The best stack for a client with a Python data team is not the best stack for a client whose two engineers live in TypeScript. Technology choices that ignore the people maintaining them are how you end up with a beautifully architected system that nobody on staff can safely change.

We ask: who owns this after we hand it over? — and let the honest answer shape the decision.

Our default answer

When there are no strong reasons to deviate, we reach for a small, sharp set of defaults we know cold: a modern full-stack JavaScript/TypeScript framework with server-side rendering, PostgreSQL for data, a typed query layer, and a managed platform for hosting. It is fast to build, cheap to run, easy to hire for and boring in all the right ways.

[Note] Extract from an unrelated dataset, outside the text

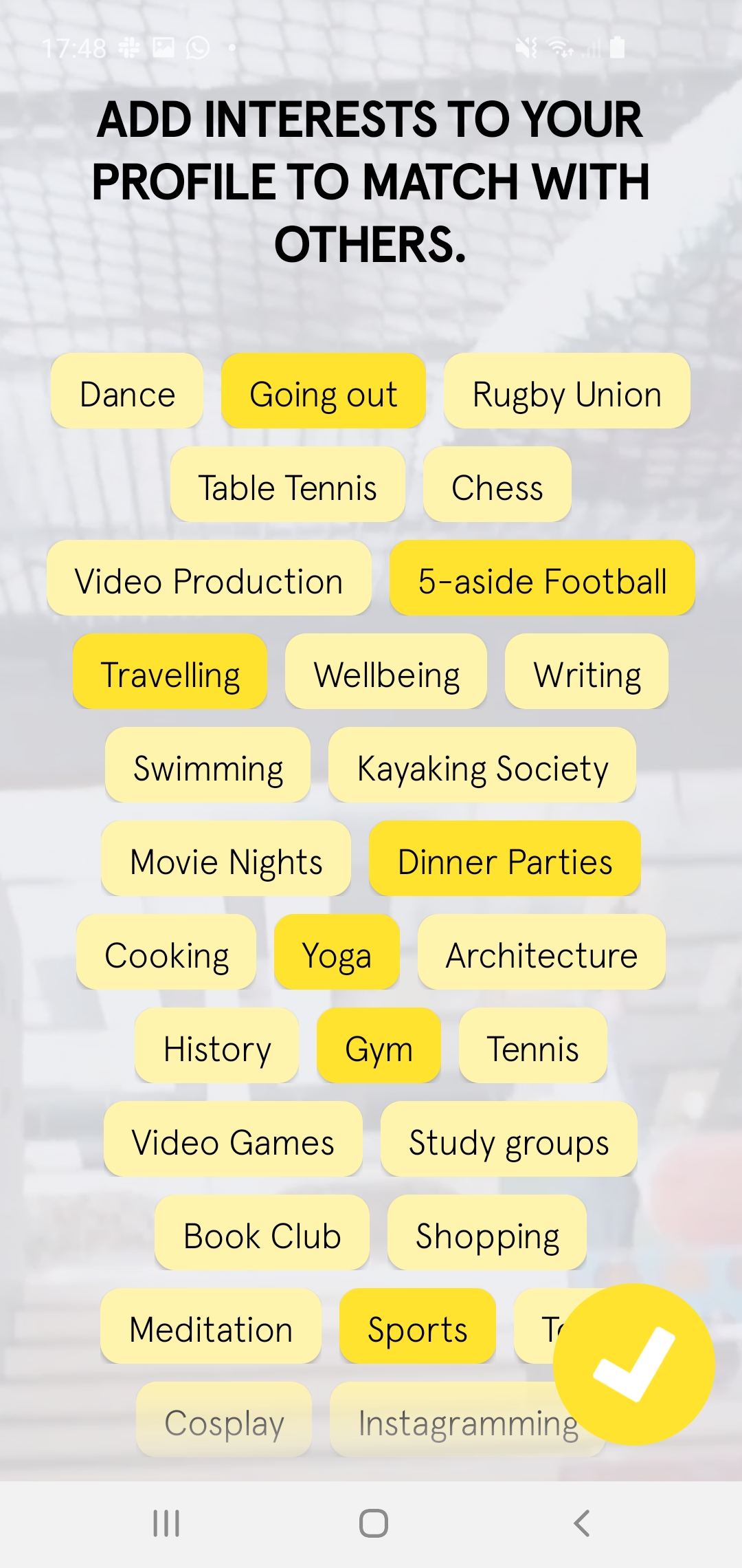 Provide the ultimate ice-breaker tool, as customer select activities they wish to partake in and connect with others who have also selected these activities.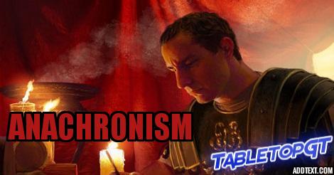 Anachronism fue lanzando en el 2005 por la compañía Triking Games auspiciada por History Channel. En él, de 2 a 4 jugadores pelean con figuras históricas como si fueran gladiadores, hasta que sólo uno quede en pie. Cada jugador puede elegir cuatro cartas de Soporte que representan armas, armaduras y deidades las cuales ayudan al personaje a ganar la batalla. Normalmente se juega en una cuadricula de 4×4, aunque hay cuadrículas más grandes pero estas se rigen por reglas especiales y son para que jueguen más de 4.

That is not dogma — it is a starting point we will happily abandon the moment the project has a real reason to. But defaulting to the well-understood, and spending your complexity budget only where it buys you something, is how you ship software that is still a pleasure to work on long after launch.

#Engineering#Architecture#Tech Stack

Frequently asked questions

Do you always use the same stack?

No — we have a set of well-understood defaults we reach for when nothing argues against them, but every project starts with the team, timeline and scale. The defaults are a starting point, not dogma.

Should a startup use the newest framework to move fast?

Usually not. Newness buys a little velocity on day one and charges interest for years. For anything that has to run in production, proven technology with a large community and hiring pool almost always wins over the total lifecycle.

How do you decide between building custom and using off-the-shelf?

We build custom only where it differentiates the product. For everything commoditised — auth, payments, email, hosting — we integrate proven services and spend the engineering budget on what makes the product uniquely valuable.